Yarın Cumhuriyet Bayramı! Cumhuriyetimiz 100 yaşında olacak. Bu kutlu günlerde bizlerin bir 100 yıllık muhasebe yapması da gerekli. Pazartesi günü 1960’lara kadar neyi ve nasıl başardığımızı anlatmıştım. Bugün ise 1960’lardan bugüne başardıklarımızı anlatacağım.
Menderes Döneminde Atatürk Döneminde başlamış olan iç ticari liberalleşme hamlesi tamamlanmıştı ama ülkenin gerek temel ağır sanayi gerekse de enerji tesisleri açısından büyük eksiği vardı. Ayrıca temel şehircilik alt yapısı da yetersizdi. Artık NATO İttifakı’nda olan ülkemizin bu problemlerini çözerek bir şekilde sınıf atlamasına NATO’daki büyük ağabey ABD pek sıcak bakmıyordu. Onlara göre Türkiye tarım yapıp, ordu beslese kâfi idi. Bu kısır döngüyü aşmak ve ağır sanayiyi kurmak isteyen Menderes Sovyetlere yanaşınca kıyamet koptu. Sonuç 1960 Darbesi olmuştu.

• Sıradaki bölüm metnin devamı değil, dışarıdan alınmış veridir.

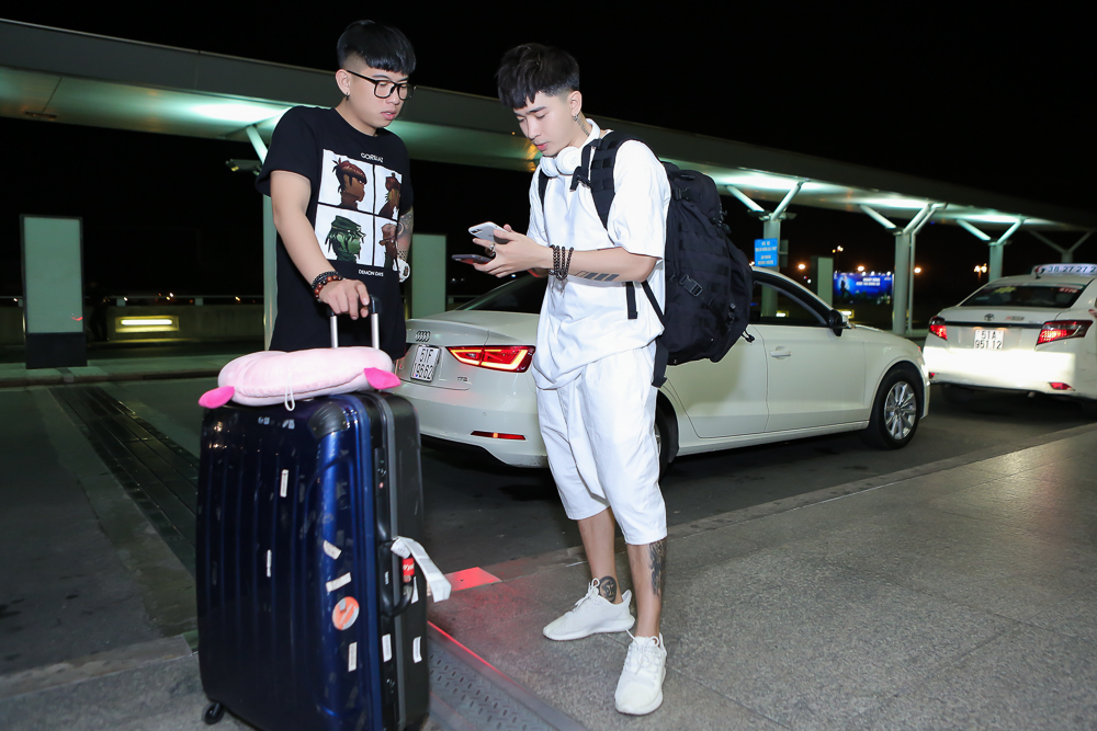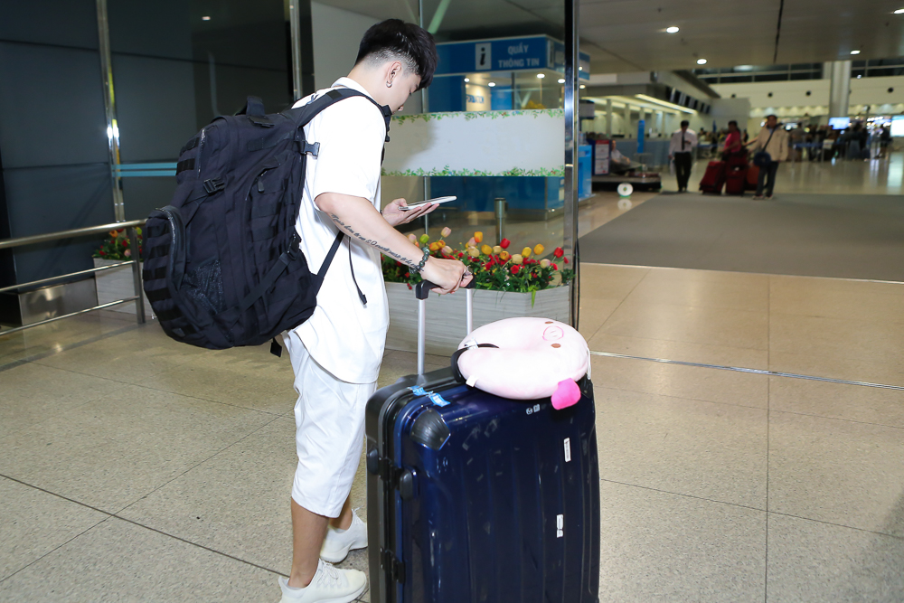 Đặc biệt, nam ca sĩ gây chú ý nhấn với chiếc gối cổ hồng dễ thương được gắn ngay trên ba lô để anh chàng tiện nghỉ ngơi.

1960’TAN 1980’E PLANLI KALKINMA DÖNEMİ
Yukarıda belirttiğim gibi Türkiye 1960’ların başında temel ağır sanayi tesisleri ve enerji santralleri eksik olan bir ekonomiye sahipti. Evet, devlet desteğiyle tarıma dayalı sanayi kurulmuş, bazı iş adamları yine devlet desteğiyle belli bir sermaye birikimine ulaşmıştı. Ancak bu daha ileri gitmek için yetersizdi. Türkiye’nin Atatürk’ün tam bağımsızlık idealine ulaşabilmesi için kuvvetli bir sanayiye ve mamur şehirlere ihtiyacı vardı. Gerçek anlamda sanayileşmek için şehirlerin de medeni ölçülere tekâmül etmesi gerekliydi. Ancak elektrik su ve kanalizasyon şebekeleri yetersiz, şehirleri birbirine bağlayacak karayolları ağı eksik durumdaydı. İşte bu dönemde merhum Cumhurbaşkanımız Süleyman Demirel sahneye çıktı: Nâm-ı Diğer Barajlar Kralı Çoban Sülo!

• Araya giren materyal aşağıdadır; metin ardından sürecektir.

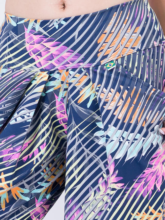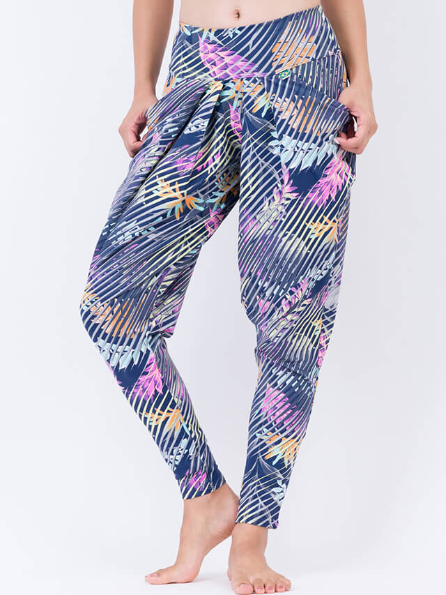 ネイビーベースにまずフラワーやリーフモチーフを配置し、さらにその上に大きなヤシの木の葉っぱをランダムに描いた個性的なプリントです。ネオンカラーの花々が明るい印象を与えてくれます。

1960 – 1980 arası Türkiye çok hızlı bir şekilde alt yapı sermayesi ve fizikî sermaye birikimini sağladı. Bunda dönemin planlı kalkınma politikalarının ve DPT’nin sorumlu ve etkili mesaisinin büyük katkısı vardır. Özellikle Süleyman Demirel’in ilk başbakanlığındaki kalkınma sürecinin bir daha eşi benzeri görülmemiştir. Bu dönemde Türkiye’nin her tarafına içme suyu, şehirlerden bütün köylerine kadar elektrik götürülmüştü. Ülkenin şehirleri (otoban olmasa bile) karayolları ağı ile birbirine bağlanmış, Şimdi 15 Temmuz ismiyle bilinen Boğaziçi Köprüsü inşa edilmişti. Cumhuriyet’in yüz akı eğitim kurumları olan Maarif Kolejleri’ne Anadolu’nun dört bir tarafında Anadolu Liseleri eklenmişti. Türkiye’nin enerji ihtiyacını karşılayacak büyük barajlar yapılmış, çiftçiye verilen destekler ve uzun vadeli planlama ile tarımsal üretim rekor kırmaktaydı. Petrol rafinerileri ve ağır sanayi tesisleri devlet eliyle inşa edilmiş ve ülke sanayisine büyük katkıda bulunmaktaydı. Aynı zamanda ithal ikameci kalkınma programlarıyla gerçek anlamda bir Türk sermayesi palazlanmış ve kasabalı tüccarlar burjuvaya dönüşmeye başlamıştı.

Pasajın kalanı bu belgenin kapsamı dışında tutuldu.